- Born: 15 August 1933
- Died: 29 September 2024 (aged 91)
- Service years: 1951–1956
- Rank: Lieutenant
- Service number: 421516
- Unit: King's Regiment (Liverpool)
- Conflicts: Korean War
- Awards: Military Cross (1953)

= Patrick Hobson =

British Anglican clergyman (1933–2024)

Patrick John Bogan Hobson, (15 August 1933 – 29 September 2024) was a British Anglican clergyman and decorated British Army officer. After completing his schooling at 18, he entered the British Army to undertake his National Service. He was awarded the Military Cross for his service during the Korean War. He then studied law at the University of Cambridge, and worked as a district officer in the Colonial Service and then as a personnel manager. He later trained for ordination in the Church of England, and served in parish ministry from 1979 until he retired in 1998.

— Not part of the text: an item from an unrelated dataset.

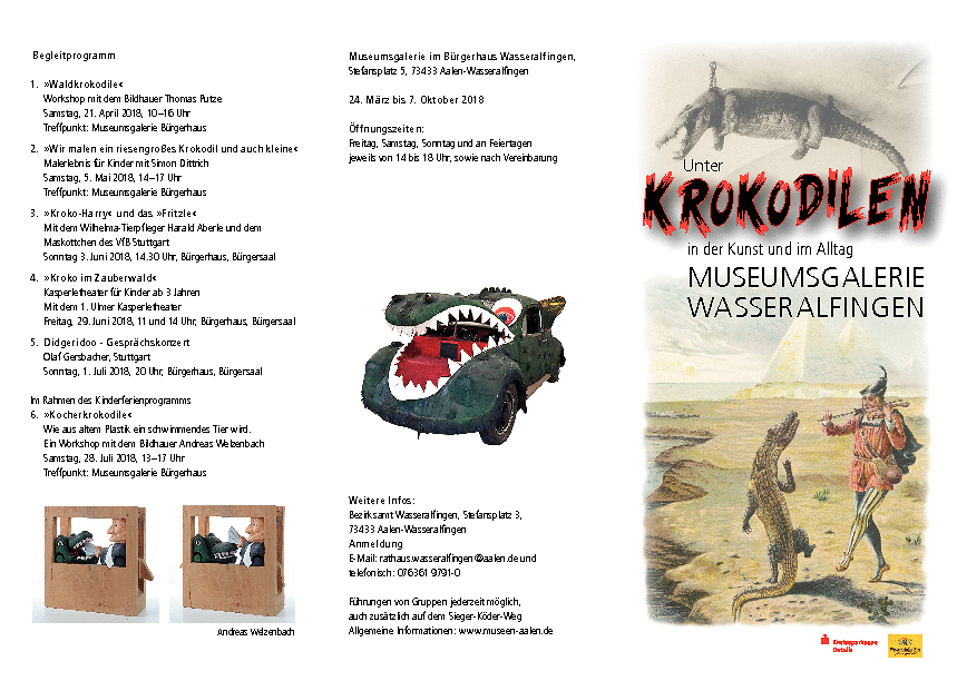 Flyer Seite 1 Kroko.pdf.160554 Published March 12, 2018 at 859 × 612 in “Unter Krokodilen – in der Kunst und im Alltag!”

==Early life and education==
Hobson was born on 15 August 1933 in Kingston-upon-Thames, Surrey, England. His father was a "collectors' trade supervisor". He was educated at the Tiffin School, an all-boys grammar school in Kingston upon Thames, where he became head boy.

==Military service==
Hobson chose to join the British Army after school rather than deferring his National Service to after university. He was selected for officer training, which consisted of five months at the officer cadet training unit based at Eaton Hall, Cheshire. On 8 March 1952, he was commissioned as a second lieutenant in the King's Regiment (Liverpool).

At 19 years old and newly commissioned, he led a platoon on the front line during the Korean War. His platoon held an isolated position and he personally undertook more successful patrols with accurate reports than any other NCO or officer in his battalion; during one such patrol, he lost an eye. He was awarded the Military Cross (MC) "in recognition of gallant and distinguished services in Korea during the period 1st January to 30th June, 1953"; it was awarded for his service across the whole operational tour rather than for one instance of bravery.

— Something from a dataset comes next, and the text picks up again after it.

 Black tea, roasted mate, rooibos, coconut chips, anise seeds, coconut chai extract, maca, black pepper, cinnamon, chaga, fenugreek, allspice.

On 5 November 1953, having completed his National Service, Hobson was transferred to the Army Emergency Reserve of Officers as a second lieutenant with seniority in that rank from 8 March 1952. He was promoted to acting lieutenant on 29 November 1953. On 14 April 1954, he transferred to the Territorial Army as a second lieutenant (acting lieutenant). He transferred to the Regular Army Reserve of Officers on 15 August 1956 as a lieutenant with seniority from 29 November 1953, thereby ending his active military service.

==Ordained ministry==
Hobson became an Anglican lay reader in 1971. Having studied on the Southwark Ordination Course and then at Queen's College, Birmingham, he was ordained in the Church of England as a deacon in 1979 and as a priest in 1980. Following his curacy in Worcester, he served as rector of Clifton upon Teme, Lower Sapey and the Shelsleys, a group of parishes in the Diocese of Worcester from 1981 to 1988. Then, from 1988 to 1998, he was team rector of Waltham Abbey in the Diocese of Chelmsford. In 1995, he was appointed an honorary canon of Chelmsford Cathedral. In retirement, he attended St Giles' Church, Oxford, having moved to the city.

==Personal life==
In 1959, Hobson married Pennington "Penny" Hopkins, having met her at the University of Oxford. Together they had three sons.

Hobson died on 29 September 2024, aged 91. His funeral was held at St Andrew's Church, Oxford, on 19 October 2024.